What to produce
Please repeat exactly the lines from the one containing "从资金流向上来看,当日基因编" to the end of the entries below, both included, and omit all pictures.

Records contained in a dataset
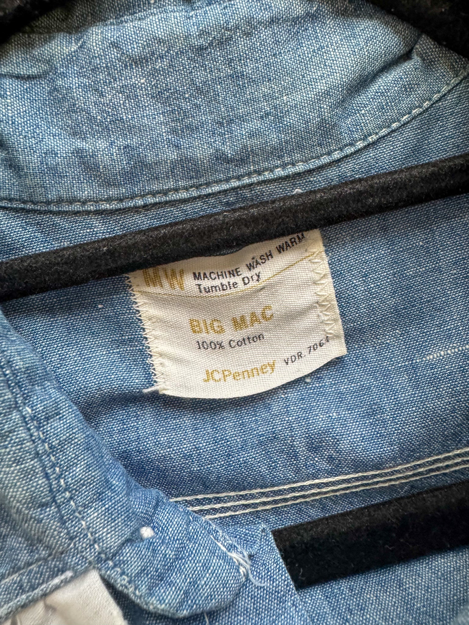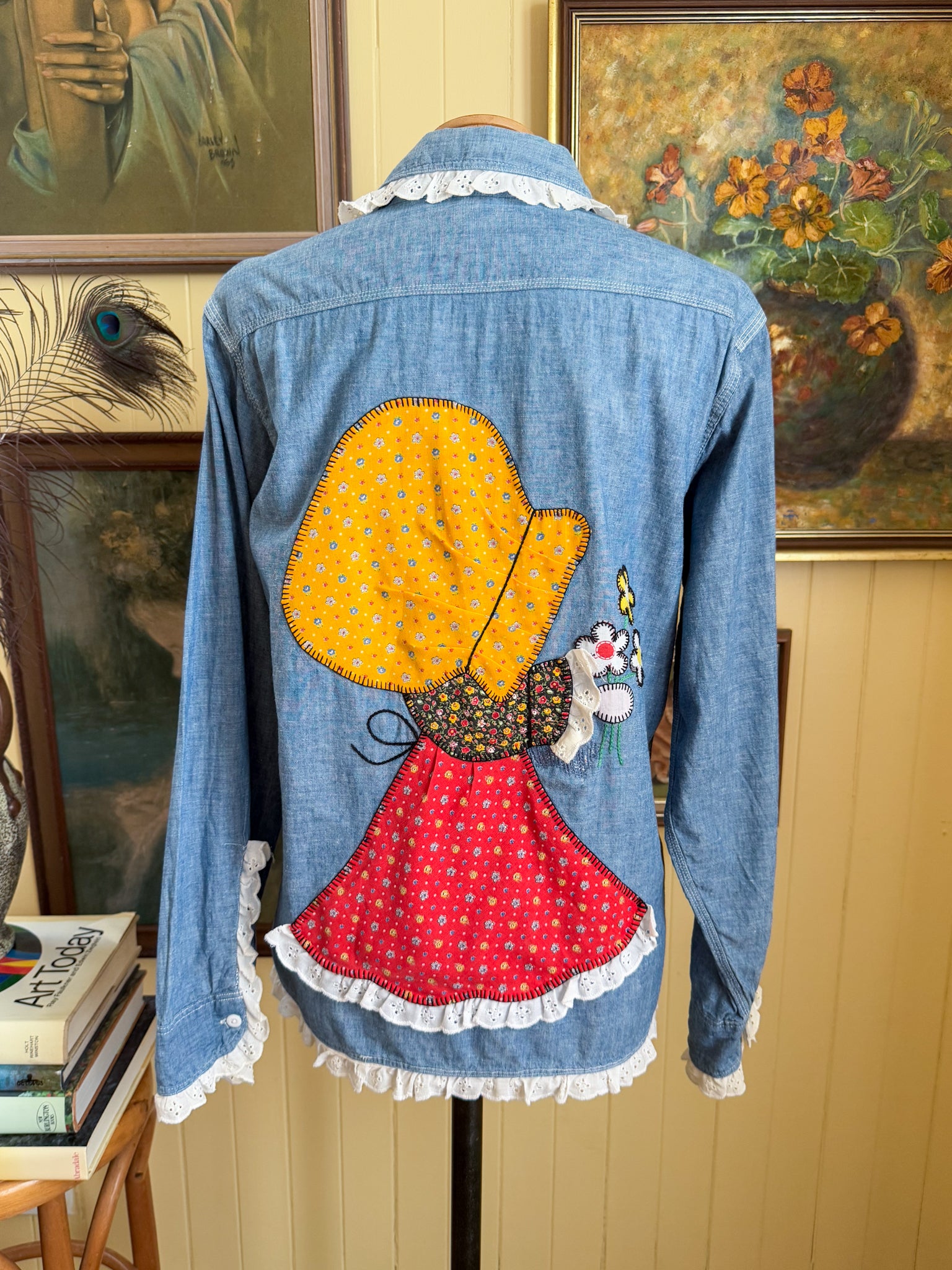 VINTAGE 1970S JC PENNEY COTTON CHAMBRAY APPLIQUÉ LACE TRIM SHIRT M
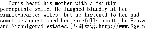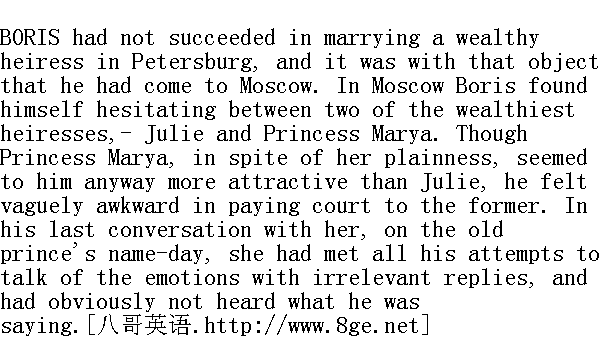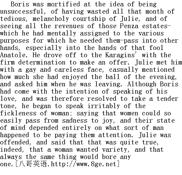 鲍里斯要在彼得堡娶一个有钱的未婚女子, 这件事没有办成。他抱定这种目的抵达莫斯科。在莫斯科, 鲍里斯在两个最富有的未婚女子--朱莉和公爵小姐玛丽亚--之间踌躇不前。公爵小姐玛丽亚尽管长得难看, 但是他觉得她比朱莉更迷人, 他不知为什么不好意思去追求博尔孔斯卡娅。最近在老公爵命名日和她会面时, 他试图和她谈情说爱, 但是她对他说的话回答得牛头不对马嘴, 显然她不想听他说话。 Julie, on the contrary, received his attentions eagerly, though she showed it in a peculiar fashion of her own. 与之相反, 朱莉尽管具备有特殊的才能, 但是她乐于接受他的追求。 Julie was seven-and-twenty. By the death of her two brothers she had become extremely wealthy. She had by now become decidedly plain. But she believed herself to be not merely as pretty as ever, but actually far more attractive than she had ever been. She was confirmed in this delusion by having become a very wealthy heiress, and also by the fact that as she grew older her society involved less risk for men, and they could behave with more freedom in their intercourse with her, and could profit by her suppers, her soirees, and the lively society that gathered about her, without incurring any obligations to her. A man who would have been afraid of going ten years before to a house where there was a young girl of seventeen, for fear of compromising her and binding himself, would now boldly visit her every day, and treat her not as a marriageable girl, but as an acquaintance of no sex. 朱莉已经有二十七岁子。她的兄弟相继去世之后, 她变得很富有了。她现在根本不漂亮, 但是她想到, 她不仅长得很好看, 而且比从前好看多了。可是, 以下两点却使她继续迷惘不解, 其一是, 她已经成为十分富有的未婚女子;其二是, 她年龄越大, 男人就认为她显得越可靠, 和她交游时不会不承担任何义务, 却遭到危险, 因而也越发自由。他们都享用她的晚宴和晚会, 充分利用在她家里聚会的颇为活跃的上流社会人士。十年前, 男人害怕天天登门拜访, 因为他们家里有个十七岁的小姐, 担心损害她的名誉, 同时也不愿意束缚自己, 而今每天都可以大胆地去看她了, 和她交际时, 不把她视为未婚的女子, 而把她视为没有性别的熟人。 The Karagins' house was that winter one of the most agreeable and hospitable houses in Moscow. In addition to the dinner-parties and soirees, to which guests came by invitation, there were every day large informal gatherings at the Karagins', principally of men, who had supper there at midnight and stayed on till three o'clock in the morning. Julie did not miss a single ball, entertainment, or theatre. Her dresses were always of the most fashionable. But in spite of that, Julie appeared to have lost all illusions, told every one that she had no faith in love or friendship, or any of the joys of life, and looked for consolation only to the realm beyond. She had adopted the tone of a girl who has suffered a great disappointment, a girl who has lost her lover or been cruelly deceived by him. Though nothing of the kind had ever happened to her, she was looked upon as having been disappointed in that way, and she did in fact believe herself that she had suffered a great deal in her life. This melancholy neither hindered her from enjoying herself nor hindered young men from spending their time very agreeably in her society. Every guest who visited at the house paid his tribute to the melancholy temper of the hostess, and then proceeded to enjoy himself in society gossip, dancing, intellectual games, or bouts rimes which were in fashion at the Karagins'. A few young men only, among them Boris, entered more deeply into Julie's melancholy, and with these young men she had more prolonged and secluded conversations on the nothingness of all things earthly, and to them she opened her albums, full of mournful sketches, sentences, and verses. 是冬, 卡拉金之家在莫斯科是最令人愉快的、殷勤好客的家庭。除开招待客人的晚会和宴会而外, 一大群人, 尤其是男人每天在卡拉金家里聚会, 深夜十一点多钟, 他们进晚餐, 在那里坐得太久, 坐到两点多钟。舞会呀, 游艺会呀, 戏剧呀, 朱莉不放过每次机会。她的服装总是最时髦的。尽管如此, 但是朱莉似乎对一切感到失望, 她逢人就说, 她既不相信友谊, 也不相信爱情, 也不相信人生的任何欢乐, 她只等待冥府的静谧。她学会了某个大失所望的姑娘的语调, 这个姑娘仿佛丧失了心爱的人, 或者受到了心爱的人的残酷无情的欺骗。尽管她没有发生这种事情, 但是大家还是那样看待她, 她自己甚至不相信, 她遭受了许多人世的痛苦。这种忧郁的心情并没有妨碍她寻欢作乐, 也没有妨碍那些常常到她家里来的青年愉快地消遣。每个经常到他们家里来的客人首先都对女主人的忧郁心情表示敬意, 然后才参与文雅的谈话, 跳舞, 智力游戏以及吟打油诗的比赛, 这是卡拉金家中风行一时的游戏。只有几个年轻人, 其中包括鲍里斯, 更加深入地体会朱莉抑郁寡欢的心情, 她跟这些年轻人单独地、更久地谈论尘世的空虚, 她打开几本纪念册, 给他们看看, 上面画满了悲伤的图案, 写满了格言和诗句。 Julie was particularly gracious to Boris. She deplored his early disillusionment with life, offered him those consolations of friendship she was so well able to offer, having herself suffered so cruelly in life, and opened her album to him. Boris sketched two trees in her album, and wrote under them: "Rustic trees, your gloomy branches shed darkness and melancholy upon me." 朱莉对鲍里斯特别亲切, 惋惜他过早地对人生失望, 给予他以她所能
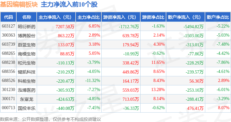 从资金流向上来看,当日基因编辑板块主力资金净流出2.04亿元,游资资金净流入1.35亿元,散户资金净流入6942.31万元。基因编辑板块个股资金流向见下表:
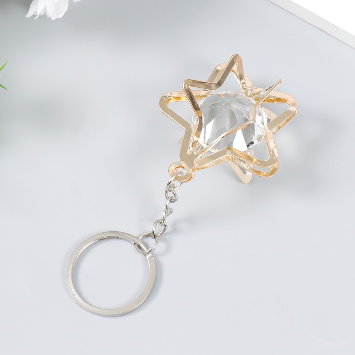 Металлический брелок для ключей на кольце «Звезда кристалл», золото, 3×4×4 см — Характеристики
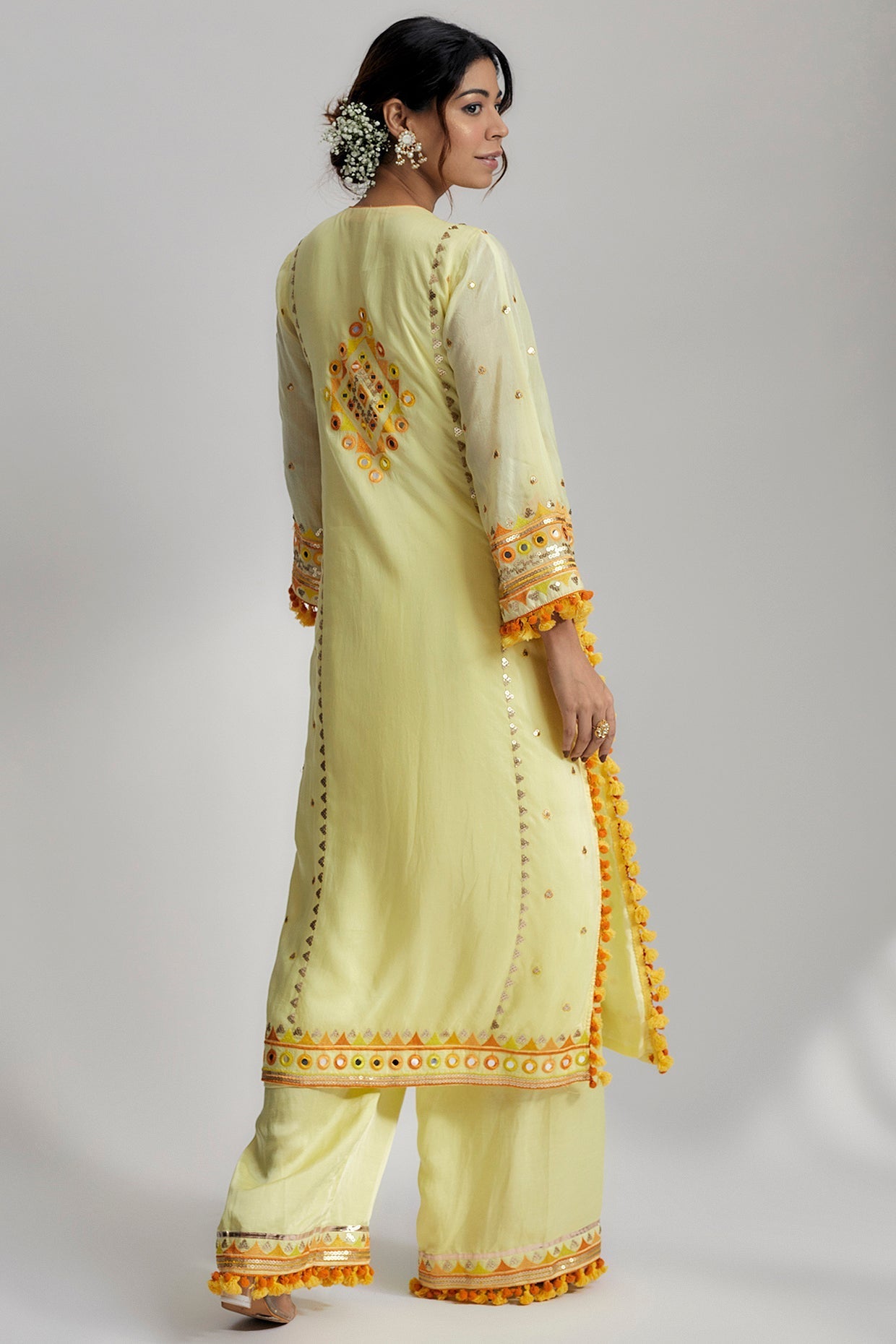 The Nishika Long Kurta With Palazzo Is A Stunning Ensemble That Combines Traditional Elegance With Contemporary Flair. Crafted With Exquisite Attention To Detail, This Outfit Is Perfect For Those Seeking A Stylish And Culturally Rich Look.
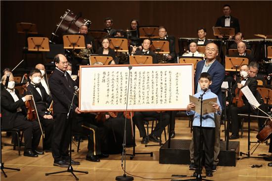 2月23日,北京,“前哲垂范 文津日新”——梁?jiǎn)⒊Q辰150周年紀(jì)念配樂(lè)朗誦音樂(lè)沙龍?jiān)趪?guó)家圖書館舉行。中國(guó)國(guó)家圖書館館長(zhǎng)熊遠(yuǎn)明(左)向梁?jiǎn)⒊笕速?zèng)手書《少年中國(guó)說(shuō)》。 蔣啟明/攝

Answer section
 从资金流向上来看,当日基因编辑板块主力资金净流出2.04亿元,游资资金净流入1.35亿元,散户资金净流入6942.31万元。基因编辑板块个股资金流向见下表:
 Металлический брелок для ключей на кольце «Звезда кристалл», золото, 3×4×4 см — Характеристики
 The Nishika Long Kurta With Palazzo Is A Stunning Ensemble That Combines Traditional Elegance With Contemporary Flair. Crafted With Exquisite Attention To Detail, This Outfit Is Perfect For Those Seeking A Stylish And Culturally Rich Look.
 2月23日,北京,“前哲垂范 文津日新”——梁?jiǎn)⒊Q辰150周年紀(jì)念配樂(lè)朗誦音樂(lè)沙龍?jiān)趪?guó)家圖書館舉行。中國(guó)國(guó)家圖書館館長(zhǎng)熊遠(yuǎn)明(左)向梁?jiǎn)⒊笕速?zèng)手書《少年中國(guó)說(shuō)》。 蔣啟明/攝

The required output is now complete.